Multiple layers and Aspects

The definition of layers and the aspects of the data used to characterize them. As part of this project the LIST team explored possibilities for developing a generic solution for layer definition, as part of the data query at the front end as part of the back end data querying. However, ultimately we decided to define a set of layers for each use case, based on the explicit requirements of each.

Digital Humanities Use Case Layer definition

Over the course of the project, the digital humanities use case evolved to contain multiple aspects. The primary aspect concerns a division by node type. In this aspect nodes are divided by type and appear in only one layer. The types were , people, organisation , location and documents, where documents grouped several types of resource together. Due to the fact that there were several different types of resource merged together this led to there being some duplicate resource nodes, where there were two nodes of differently underlying types. Cleaning of data was beyond the scope of the BLIZAAR project, due to the considerable effort and the fact that it would raise research questions of its own, beyond the domain of multilayer networks.

Time is also of critical importance for the analysis of historical networks, and hence there is an aspect where layers are characterized by time. For the histograph data set, nodes were added to layers based on the time of their associated document / resource (or their time, if they were a resource themselves). By default, the time layers are defined based on date ranges that will result in approximately two to five layers based on the time range of the data being requested form the back end. However, this is just to provide an initial layering within the aspect, as described in section on the digital humanities variant for loading data, the user can inspect a bar chart of node dates and manually define time ranges for the layers. The stacked bar chart shows the distribution of entities by year.

 The temporal aspect of a data set, using a global sort by organisation type.

As each entity can be mentioned in more than one document, each entity can appear in more than 1 layer within the temporal aspect, as seen in the above image.

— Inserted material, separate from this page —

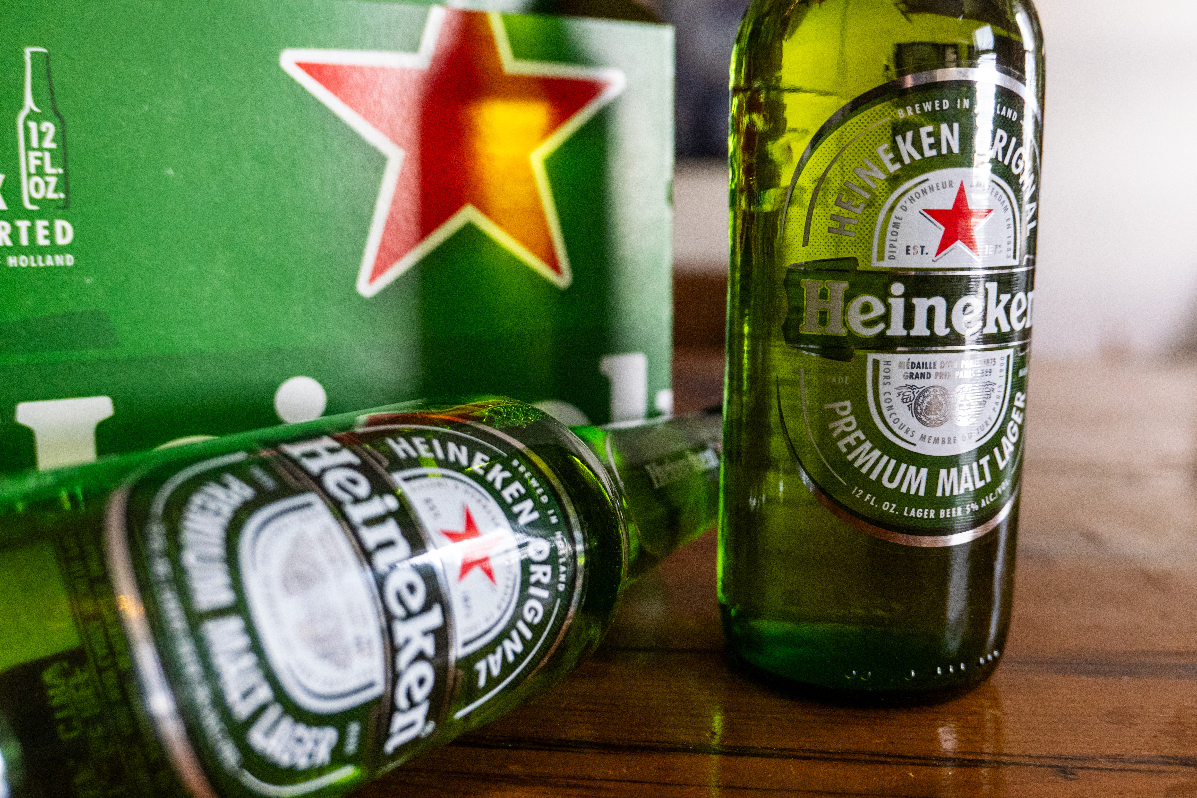 In this photo illustration, bottles of Heineken beer are seen on February 11, 2026 in New York City. (Photo: AFP)

The list sort in a global order, where a node appears in the same position across each of the layers, and there are gaps where node do not appear in a layer.

The final aspect is based on data source. This for the case where where the users has made multiple queries to the back end. This allows users to compare the ego networks of entities in the histograph dataset.

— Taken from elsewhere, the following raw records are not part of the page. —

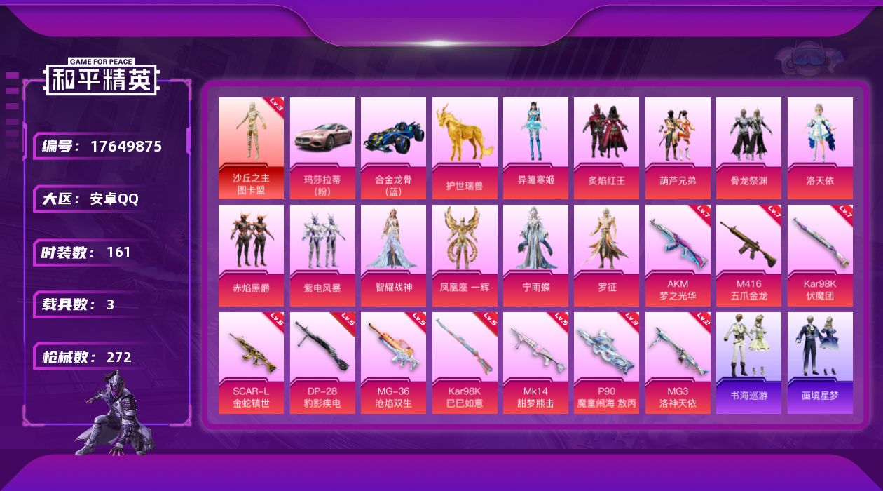 - [12949830]素材身法号【特价急出/详情看图】:苹果 手Q-1神装-10粉装-14特效枪-4载具-12粉色飞行器-6.3w热力值-6王牌印记-105套装-163枪皮【红色神装等级】:镜域双华-欧若拉(三级)【粉色载具】:虚妄之影(炫耀紫),萌喵橘座,晶梦灵驹,冰绡玉鳞【粉色套装】:粉装-蝶舞迷情,粉装-仲夏莫吉托,角色-千金淑猫,角色-晶梦幻蝶,粉装-幻彩电音,角色-狂魅哈莉,角色-冷漠罗丽,角色-绯月迷踪,角色-荧海星豚,角色-花灵【粉色枪皮等级】:SCAR-L-金蛇镇世(三级),M416-墨龙九天(三级),AUG-圣斗士星矢(四级),蜜獾-荧海星豚(四级),Vector-最终圣卫者(三级),P90-沙丘之主(三级),P90-冷漠罗丽(五级),Kar98K-巳巳如意(五级),AMR-鸢尾晶梦(五级),DP-28-千金淑猫(四级),DP-28-豹影疾电(五级),平底锅-仲夏莫吉托(二级),烟雾弹-电雾迷城(四级)【粉色飞行器】:沙丘之主天马,镜域双华-灵镜之阶,龙翔九天飞行器,凤舞九天飞行器,戏水时光飞行器,雀灵庇佑飞行器,终晖之翼飞行器,绯月迷踪飞行器,灵猫魔法师飞行器,桃源时光飞行器,灵珠游龙飞行器
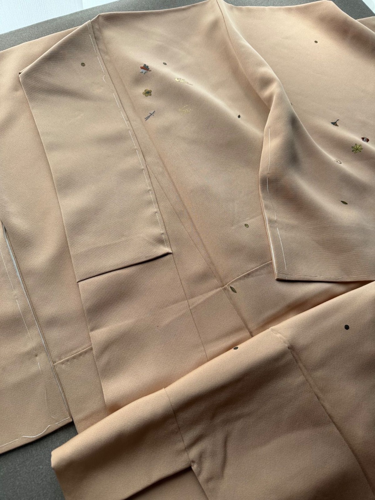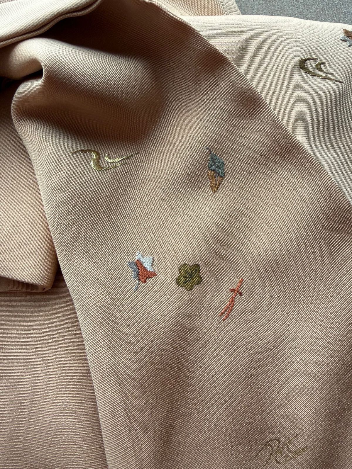 着物 付下げ 未使用 ベージュ 吹き寄せ 紋付き
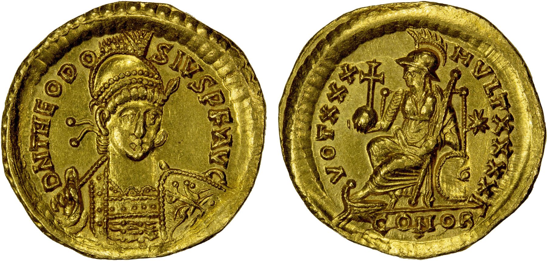 ROMAN EMPIRE: Theodosius II, 402-450 AD, AV solidus (4.47g), Constantinople, struck 430-440 AD, RIC-257, 3rd officina, helmeted, pearl-diademed and cuirassed bust facing slightly right, holding spear in right hand behind head and shield decorated with horseman on left arm, D N THEODO-SIVS P F AVG // Constantinopolis enthroned left with left foot on prow, holding cross on globe in right hand and scepter in left, shield behind throne, star in right field, VOT XXX MVLT XXXX Γ / CONOB, a few scattered hairlines, lovely lustrous surfaces, Choice About Unc.

As with all of the list views connections between layers are highlighted on mouse over, and the list can be resorted based on connectivity.

The biological use case currently has only a single aspect defined. The functionality exists to open up the bioloigcal data use case to multiple aspects, however at the moment the needs of the biologists do not require multiple aspects.

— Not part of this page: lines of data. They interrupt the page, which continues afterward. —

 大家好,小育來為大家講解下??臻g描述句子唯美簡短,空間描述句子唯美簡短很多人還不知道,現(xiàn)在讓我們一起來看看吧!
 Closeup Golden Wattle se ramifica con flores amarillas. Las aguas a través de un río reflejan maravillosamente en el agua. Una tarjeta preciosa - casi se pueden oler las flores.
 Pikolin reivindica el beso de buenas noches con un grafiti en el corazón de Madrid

Digital humanities variant of the list view Defining Layers for the temporal aspect

As an alternative to the specific query for an entity approach described above, we also developed a visual interface to create queries that would return a working data set for the user to visualize as a multilayer network in the front end.

A list of available entities allows the user to draw a meta network, illustrating the entities to be retrieved. Clicking on an entity in this meta-network displays all the list of all entities related directly to the clicked one in the back end system. The size of the arc is proportional to the reality numbers of each entity type (see image on right above)

It is also possible to combine aspects of layers to form their intersection , as can be seen in the image below

In this case the aspects describe the entity type aspect and the temporal aspect have been combined to visualise layers showing edges between people in different time periods. Hovering over an entity highlights it's neighbors in the current layer, and all others being displayed.